DataBubble·

Model Detail

nomic-embed-text-v1.5

▼ 0.6%

Provider: nomic-aiCategory: codePipeline: sentence-similarity

DB Score

1.2

Downloads

17.1M

Likes

833

Day

-0.6%

Week

+0.0%

Month

+0.0%

Overview

nomic-embed-text-v1.5 is a code generation model with 68M parameters released by nomic-ai. The model is registered under the sentence-similarity pipeline tag on Hugging Face, distributed under the permissive apache-2.0 license.

Technical

nomic-embed-text-v1.5 ships with 68M parameters. The apache-2.0 license is permissive, allowing commercial deployment and derivative work without per-seat fees, though attribution requirements still apply.

Trending Signal

Downloads of nomic-embed-text-v1.5 have moved -0.6% over the past 24 hours. That is a slight downtrend, consistent with normal cooling as newer models compete for the same workloads. These numbers are signal, not guarantee — week-over-week download counts on Hugging Face also reflect mirror traffic, CI scrapes, and one-off benchmarking runs.
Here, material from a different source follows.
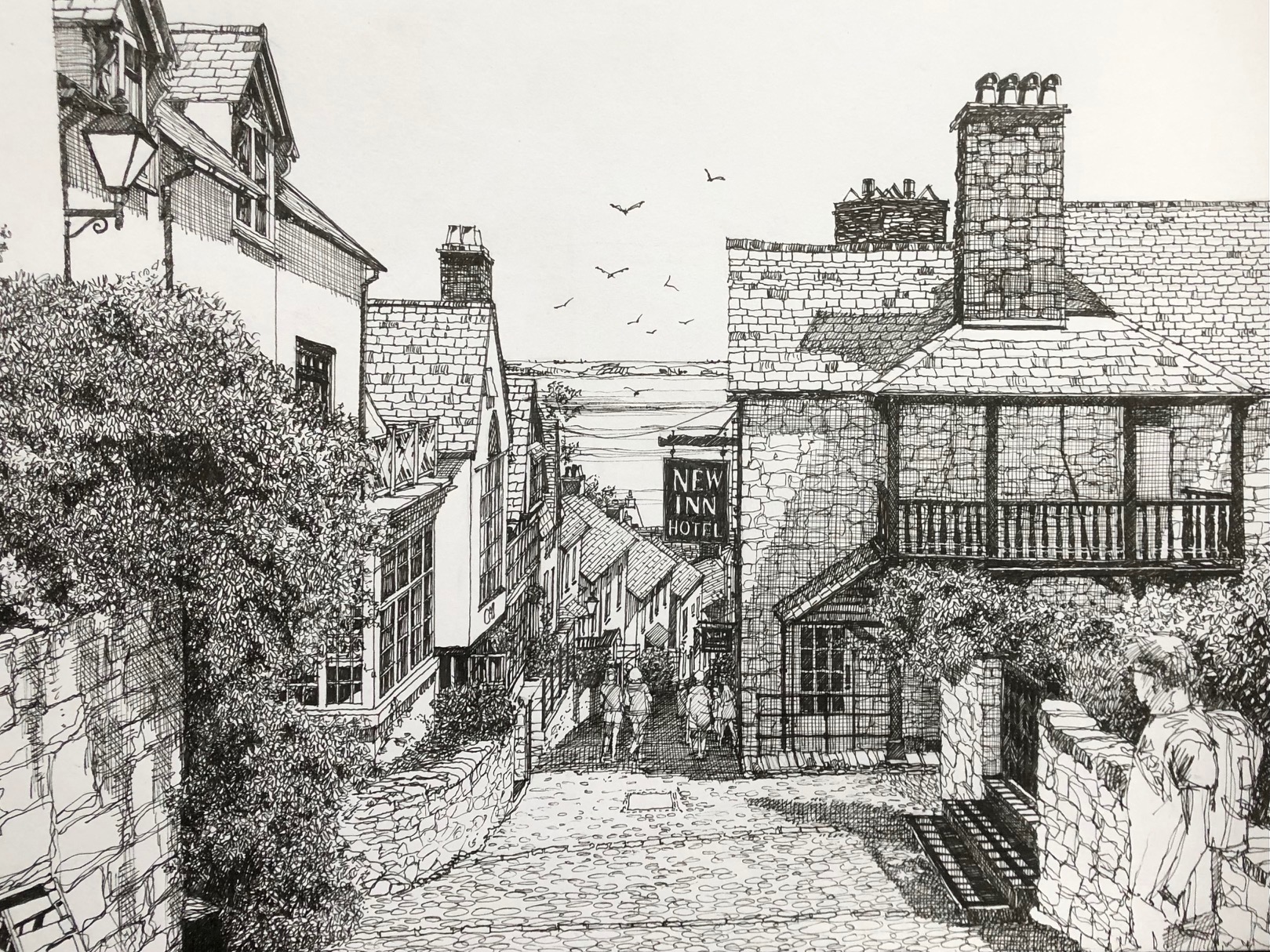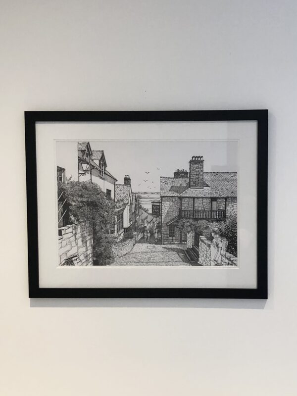 Framed matt black square edged limited edition signed print ink illustration of the view looking down into Clovelly from the main cobbled footpath, capturing the New Inn Hotel .One of the most instagrammable views in the UK

Read about databubble_score →

Use Cases

nomic-embed-text-v1.5 is best fit for code completion, repository-scale Q&A, and pair-programming integrations. It is a less obvious choice for one-shot generation of security-critical code without review. Treat this as a starting matrix rather than a benchmark verdict — the right deployment usually depends on the specific evaluation suite that mirrors your workload.

Download History

Research Paper

arXiv: 2402.01613→

Model Info

Licenseapache-2.0

Citations295 (25 influential)

Recent newsView all news →

Synthetic Personalities: How Well Can LLMs Mimic Individual Respondents Using Socio-Economic Microdata?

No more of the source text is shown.